===== Study material

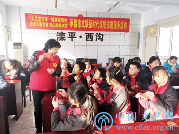 2021年12月,承德市文联开展“文艺进万家健康你我他”——传承非遗力量、助力脱贫攻坚新时代文明实践文艺志愿服务活动,图为文艺志愿者为孩子们传授传统剪纸艺术。
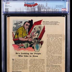 CGC has assigned this comic a grade of .5, White Pages, due to a missing page that does not affect the story. Were it not for the absent page, the various signs of attrition would possibly have seen this book rated 2.0, or maybe even 2.5. The fact that this issue counts as the first appearance of Doc Ock makes it a fine prize regardless of condition. Label notes are "Page 12 missing. Stan Lee story, Steve Ditko cover and art. Origin and 1st appearance of Doctor Octopus (Otto Octavius). Human Torch appearance."
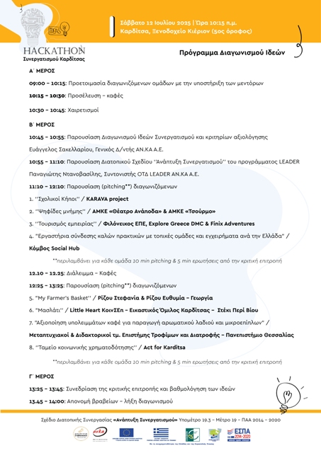 🔸Ο νικητής θα συμμετάσχει στο Διατοπικό Hackathon Συνεργατισμού μεταξύ 12 περιοχών της Ελλάδος που θα οργανωθεί το Σεπτέμβριο στην Καρδίτσα.
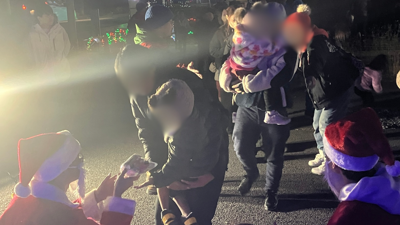 花火の前に新たなサンタクロースさんが登場し、3歳以下のお子さんに100個限定でお菓子をプレゼントしていました!
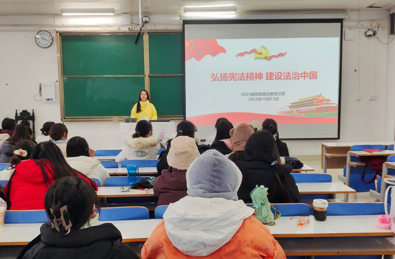 12月15日下午,crown皇冠体育平台2021级思想政治教育三班在社科楼514召开“弘扬宪法精神,建设法治中国”主题团课。crown皇冠体育平台2021级思想政治教育三班全体团员参与此次会议。团课由团支书王岚霄主持。

==========

Word for word, restate the lines above from the one with "CGC has assigned" through the one with "Σεπτέμβριο στην Καρδίτσα.", keeping both ends and dropping the pictures.

== Your solution ==
 CGC has assigned this comic a grade of .5, White Pages, due to a missing page that does not affect the story. Were it not for the absent page, the various signs of attrition would possibly have seen this book rated 2.0, or maybe even 2.5. The fact that this issue counts as the first appearance of Doc Ock makes it a fine prize regardless of condition. Label notes are "Page 12 missing. Stan Lee story, Steve Ditko cover and art. Origin and 1st appearance of Doctor Octopus (Otto Octavius). Human Torch appearance."
 🔸Ο νικητής θα συμμετάσχει στο Διατοπικό Hackathon Συνεργατισμού μεταξύ 12 περιοχών της Ελλάδος που θα οργανωθεί το Σεπτέμβριο στην Καρδίτσα.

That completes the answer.